Rolls-Royce is making three Boat Tails — all by hand — for the three clients who commissioned the project. Naturally, Rolls-Royce won’t divulge how much each car costs (we do know that the price tag is considerably more than $15 million USD) or who the clients are. “We really handpick the clients; it’s a kind of procedure — and I don’t want to sound arrogant — but I’m involving myself personally,” says Torsten Müller-Ötvös, chief executive of Rolls-Royce Motor Cars, from the brand’s headquarters in Goodwood, England.

The all-new Rolls-Royce Boat Tail

The plan is for Rolls-Royce to take on a new coachbuilt commission every two years. “We want to keep it rare and highly exclusive….It’s the top, top, top of the pyramid of our business,” Müller-Ötvös explains. He is confident the demand for coachbuilt cars will exceed the supply, so the company can afford to be selective with its clients. “You want to know [who] you are in that boat for a four year journey [with], and you will also want to get a clear commitment from them that they are prepared to engage themselves. They need to travel over here to Goodwood. They need to see clay models. They need to sign off officially on design steps,” he says. “They also need to have — I would call it, a certain understanding — of some technical constraints. Yes, we are Rolls-Royce and our promise is, more or less, everything is possible, but it might happen that certain ideas are not legally compliant.”

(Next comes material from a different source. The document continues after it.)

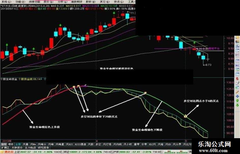 IF(资金生命线<=REF(资金生命线,1),资金生命线,DRAWNULL),COLORGREEN,LINETHICK2;

A coachbuilt car is often compared to a bespoke suit, but it’s not really like that at all. Cars are infinitely more complex; these machines don’t just have to look good and fit their clients, they also have to comply with devilishly complex safety and emissions regulations, which vary wildly across the globe. That the Boat Tail isn’t some museum piece or track-day toy — it’s fully road-legal — makes it all the more impressive.

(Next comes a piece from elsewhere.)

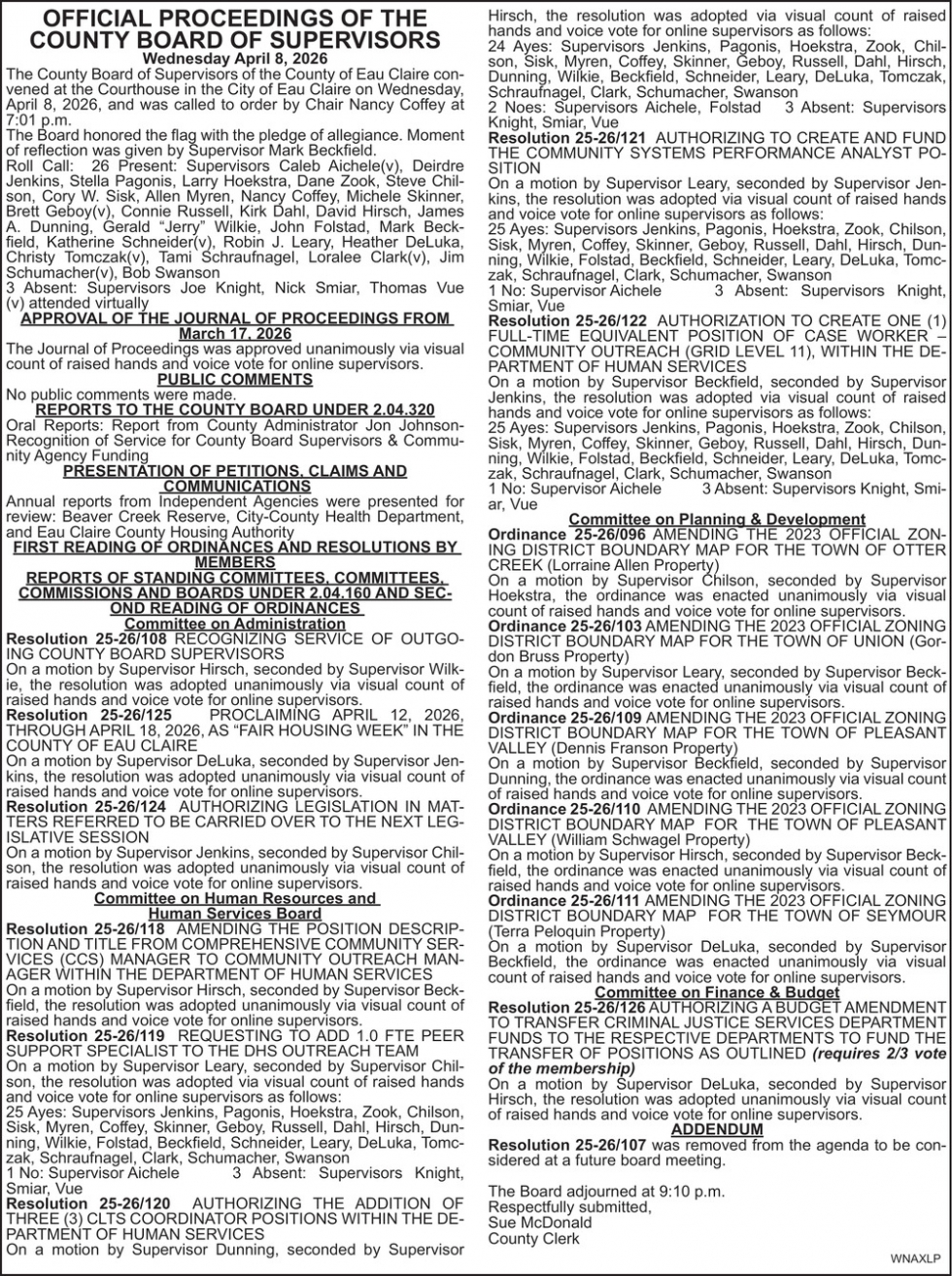 Apr 24, 2026. Eau Claire County Government Ads from Leader-Telegram

Of course, in the 1920s and 1930s (the golden age of coachbuilding), there were hardly any safety regulations at all. Rolls-Royce would supply an engine and running chassis, and buyers would then commission a coachbuilder to create a one-off body — hammered out of aluminum — with a matching interior. By the 1960s, Rolls-Royce was making most of its cars, except for the Phantom VI, as a single semi-monocoque structure. The chassis was no longer built separately from the body and interior, and coachbuilding largely died out. Today, it’s almost a lost art.

But two things happened to make the re-launch of Rolls-Royce’s coachbuilding program possible. In 2017, the marque unveiled a one-off coachbuilt coupe called the Sweptail. “I would call it an experiment,” says Müller-Ötvös. “We learned from client feedback that many would love to do a kind of similar project.” The phone started ringing with customers wanting to build their own custom projects. The second event was the development of an all-new aluminum spaceframe chassis that underpins the current Phantom, Cullinan, and Ghost. It’s extremely adaptable, less like a modern monocoque and more like a traditional rolling chassis. It gives designers and engineers a base to once again make coachbuilt cars, like the Boat Tail.

Each Boat Tail features 1,813 completely new, custom parts. The spaceframe chassis was reconfigured to support the nearly 5.8-metre long car — that step alone took eight months. All three clients are fond of J Class yachts, so the car’s lower cabin, floor area, and rear deck are made of hand-finished wood. The bodywork is hand-rolled and hammered aluminum, built by people who’ve spent their lives perfecting this craft. The roof is an unusual fixed-canopy design, but there’s also an emergency tonneau cover to keep you dry should you get caught in one of those rare Mediterranean thunderstorms.

But the most luxurious detail of all is that at the push of a button, the car’s rear deck splits open to reveal everything you’d need for an impromptu picnic. On one side: aperitifs. On the other: cuisine with engraved cutlery from Christofle in Paris. Even a double refrigerator was developed to chill the clients’ favourite vintages of Armand de Brignac champagne, says Rolls-Royce. To top it all off, the car’s rear also houses a pair of cocktail tables and stools, the latter created by Italian furniture maker Promemoria.

Champagne storage

The three clients who commissioned the Boat Tail are “real cosmopolitans,” says Müller-Ötvös. “All three of them are people [who enjoy] life and that’s also the reason why that theme about al-fresco dining — picnicking — was chosen. That really unites them. Obviously, they all have money, but that’s it. More, I can’t tell you.”